Artificial Intelligence will revolutionize hardware design by 2024

From speeding up the brainstorming process to finding design flaws before errors occur, here are five ways artificial intelligence will impact hardware design in 2024.

The mission dream of every hardware team is to develop a category-defining product and deliver it on time and within budget. However, the slow design and iteration times inherent in the hardware, as well as inefficient processes and lack of team resources, often threaten this dream.

If applied correctly, artificial intelligence has the potential to change that narrative. Unfortunately, in most corners of the hardware market, artificial intelligence is still in its infancy. While other industries are adopting AI at lightning speed, the hardware world seems to be lagging behind. Only recently have hardware teams begun to show serious interest in the potential of artificial intelligence.

Here’s a look at the future of AI in hardware.

How artificial intelligence will impact hardware design

1. More effective brainstorming

Brainstorming is where all great design begins. However, to be effective, the brainstorming process requires a team of engineers with a wide range of experience and expertise in different areas, and everyone with a few hours or days available on their schedule.

AI design assistants have the potential to provide a unique and broad set of ideas that can help find the best solution to a team’s problem. For example, one can enter a prompt describing a project and ask the AI ​​to provide ideas or brainstorming questions.

This way, the team can evaluate more options and focus on optimization to find an effective solution.

Ultimately, AI has the potential to add a new set of perspectives to initial brainstorming sessions. This allows hardware teams to move from ideas to prototypes faster than ever and one step closer to product launch.

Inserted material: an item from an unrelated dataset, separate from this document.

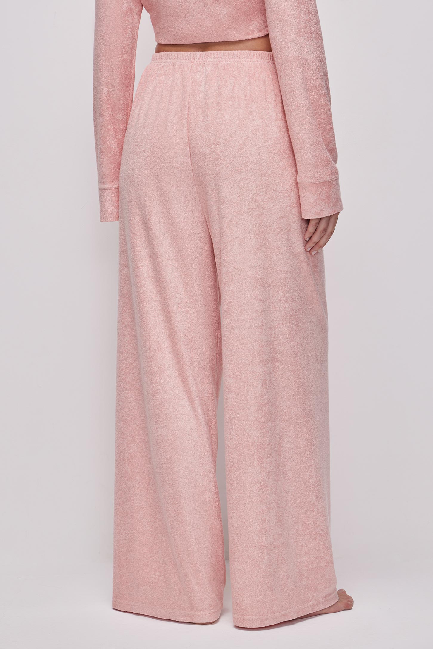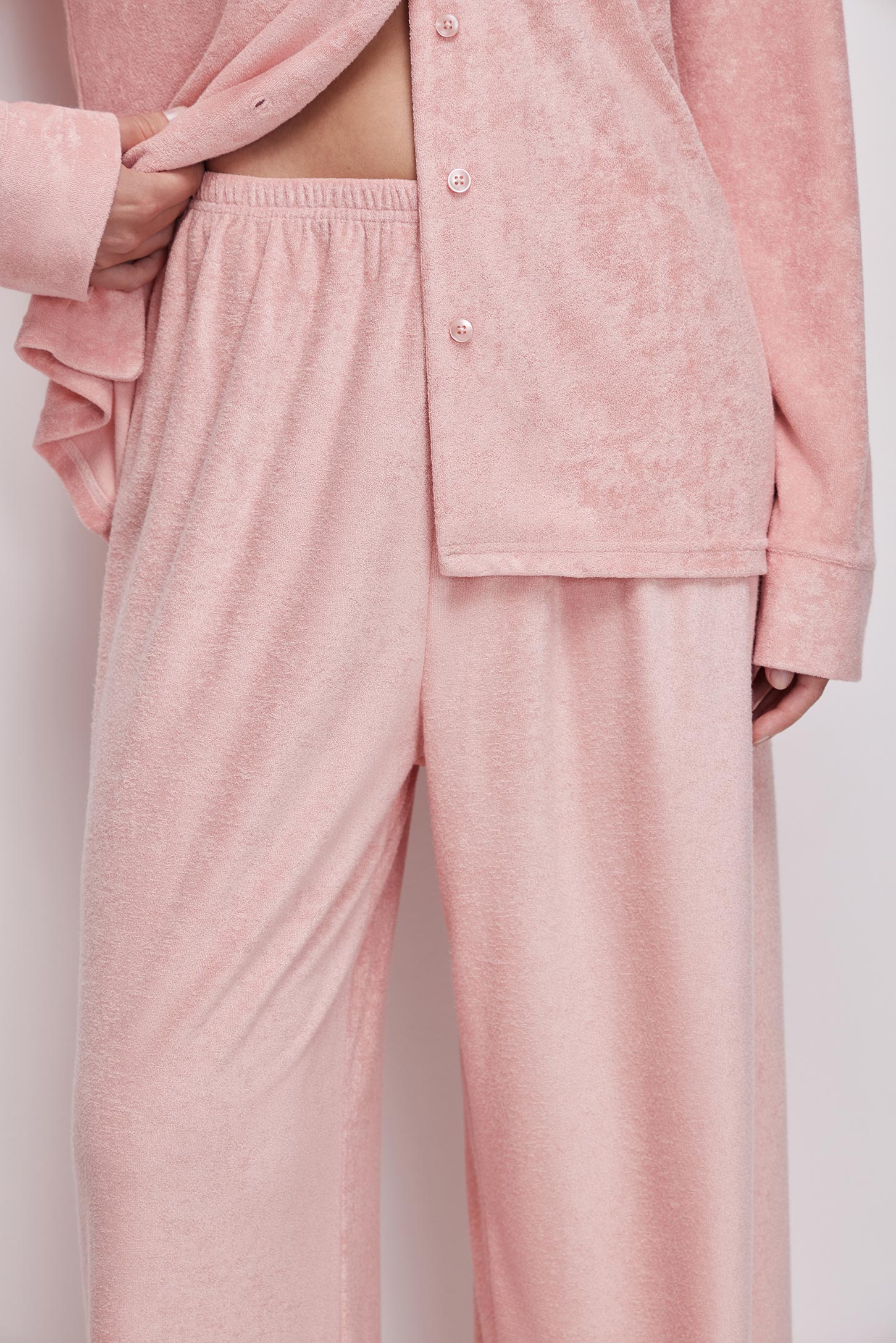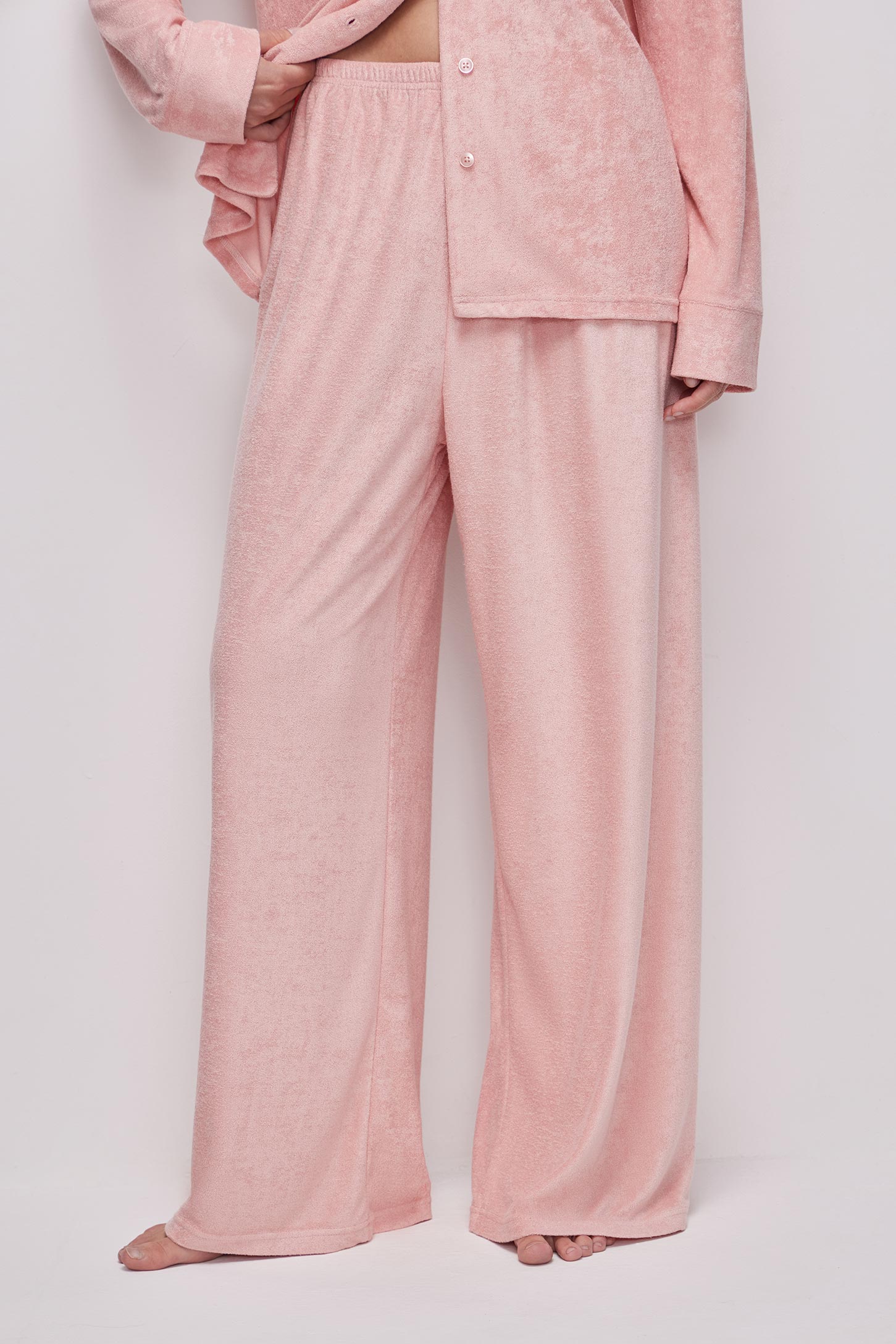 Пижамные брюки прямого силуэта из тонкой махры приятной на ощупь. Эластичный пояс на резинке равномерно фиксирует изделие и обеспечивает удобную посадку без давления. Прямой силуэт визуально вытягивает ноги и не сковывает движений. Посадка на талии обеспечивает комфорт и универсальность.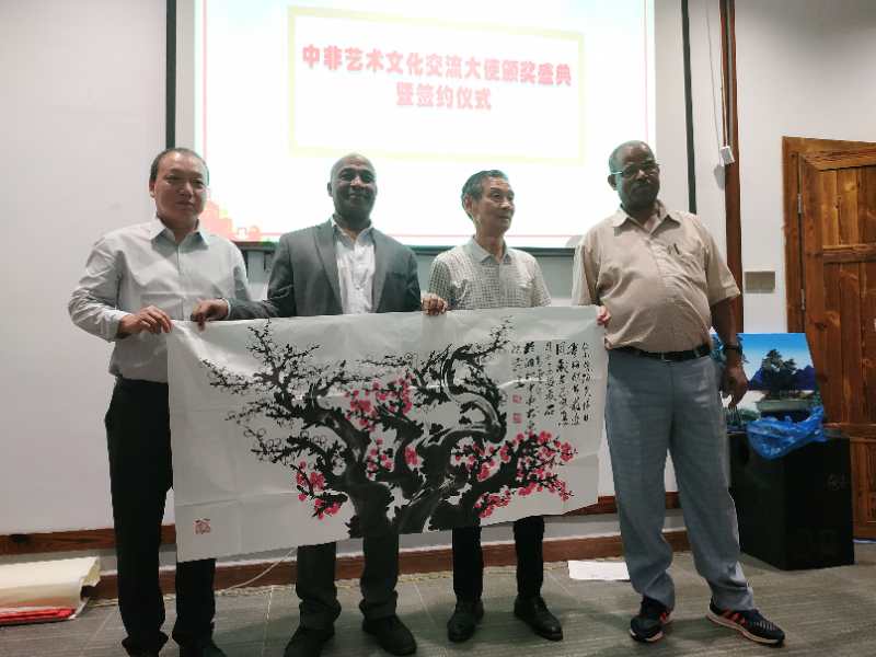 众所周知,非洲国家的人民能歌善舞热情奔放,而中国也是一个源远流长文化底蕴深厚的国家,交流会上非洲友人表演了本民族特色节目;还有中国古琴加茶艺表演曲目(中国古琴表演+非洲姑娘茶艺表演,并由非洲国家文旅部部长Doreen Silver Katusime开罄);郭兰英弟子周京霞老师表演了越剧独唱;艺术家现场挥毫展示国画作品。湖南人民对外友好协会代表王宗兰女士携非洲国家文旅部部长Doreen Silver Katusime、及乌干达湖南商会会长龙志伟先生、湖南歪果仁文化传播有限公司王森波董事长给各位艺术家颁发收藏证书和荣誉证书。

2. Discover design errors as early as possible

Just like other design engineers, AI can help reduce design errors by suggesting corrections and improvements during project development. Similar to senior engineers, AI can review designs, verify calculations or find the limits of components. This way, teams can catch errors before the design goes into production, saving wasted time and money.

For example, AI tools allow AI design assistants to be provided with presets where project requirements such as operating temperature, voltage or compliance standards can be declared. This allows the tool to track the design process and alert the team when errors occur.

3. Faster iteration time

One of the most difficult aspects of hardware design is that iteration has historically been a slow and arduous process.

Each iteration typically requires building a new prototype from scratch. Engineers need to meticulously test each prototype for flaws and areas for improvement. Any modifications, no matter how small, may need to go back to the drawing board, causing further delays. Before one knows it, months pass and the target deadline looks increasingly unfeasible.

Using AI in design, teams will be able to quickly generate new design ideas, explore different design process options, and iterate designs faster. AI can connect complex components, identify design options, and provide a bill of materials for a project.

In the future, AI will simulate various scenarios and configurations to provide insights into the most efficient layout, optimal component placement and effective signal routing strategies. This capability will speed up the design process and improve the quality and performance of the final product.

4. Automated parts selection

One of the most tedious and time-consuming stages of the design process is selecting parts. This requires understanding the project requirements, reading hundreds of pages of data sheets, and comparing hundreds of comparable options on the market.

Artificial intelligence completely changes this process. These systems are optimized to sift through massive data sets and make critical decisions. Design in this context allows you to search a vast database of parts and find the specific components that best fit your team's needs. Designers only need to provide the AI ​​with a set of design criteria, including power consumption, area and cost, and let the AI ​​do the menial work.

5. Speed ​​up the learning process

When teams design cutting-edge technology, one of the hardest parts is learning the new technology. Not every team is led by an experienced expert.

Artificial intelligence will provide services like design experts. When a team can’t understand a concept or needs some guidance, AI can look into it and provide insights. All a hardware engineer needs to do is ask questions and get clear and detailed answers.

This is a new way of learning that helps teams overcome initial hurdles faster and deliver products in less time.